The film was shot in Savannah, Georgia and lasted 12 days. Production endured varied unexpected weather patterns, but quickly completed principal photography.

==Release==
===Theatrical===
Backtrace was given a limited-theatrical, and simultaneous VOD release on December 14, 2018.

===Home media===
It was later released on home video, on February 19, 2019.
Backtrace grossed $0 in North America and $488,148 in other countries, plus $717,998 with home video sales.

==Reception==
===Critical response===
The film received generally negative reviews with critics criticizing the plot, while giving praise to the performances of Stallone and Guzman. On Rotten Tomatoes, the film has an approval rating of , based on reviews, with an average rating of .

Joe Leydon of Variety gave the film a positive review, stating: "Matthew Modine is outstanding as an amnesia-stricken bank robber in Brian A. Miller's VOD-centric thriller."
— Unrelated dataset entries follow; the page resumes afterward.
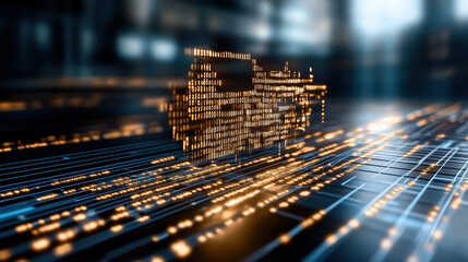 Abstract digital data stream. Blurry binary code streaks across a dark background, highlighted by orange-yellow and white light effects
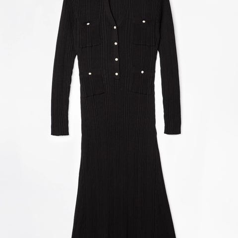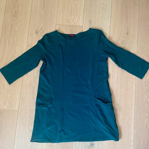 Langermet kjole fra Indiska i str S, i 100% viskose. Stoffet er streachy, mykt og veldig behagelig. Fin fasong. Toner er svart, grå og hvit.
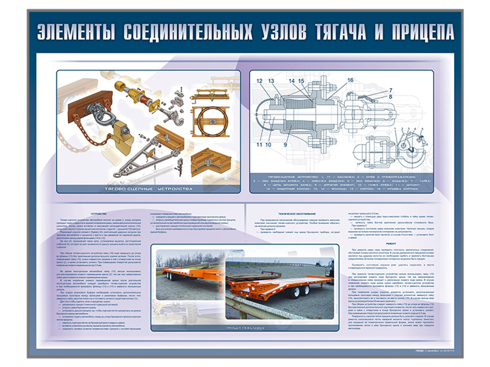 Стенды предназначены для наглядного отображения информации о тягово-сцепном устройстве, седельно-сцепном устройстве, их техобслуживании и ремонте, а также для формирования у учащихся автошкол знаний об устройстве транспортных средств категории "E".

Kevin L. Lee of Film Inquiry called the film a "cinematic...headache." The critic criticized the writing, and the film's tone. Similarly, Noel Murray of the Los Angeles Times critiqued the plot as unoriginal and familiar, stating: "A movie that very quickly becomes yet another story about people with guns chasing other people with guns, through featureless forests and abandoned buildings."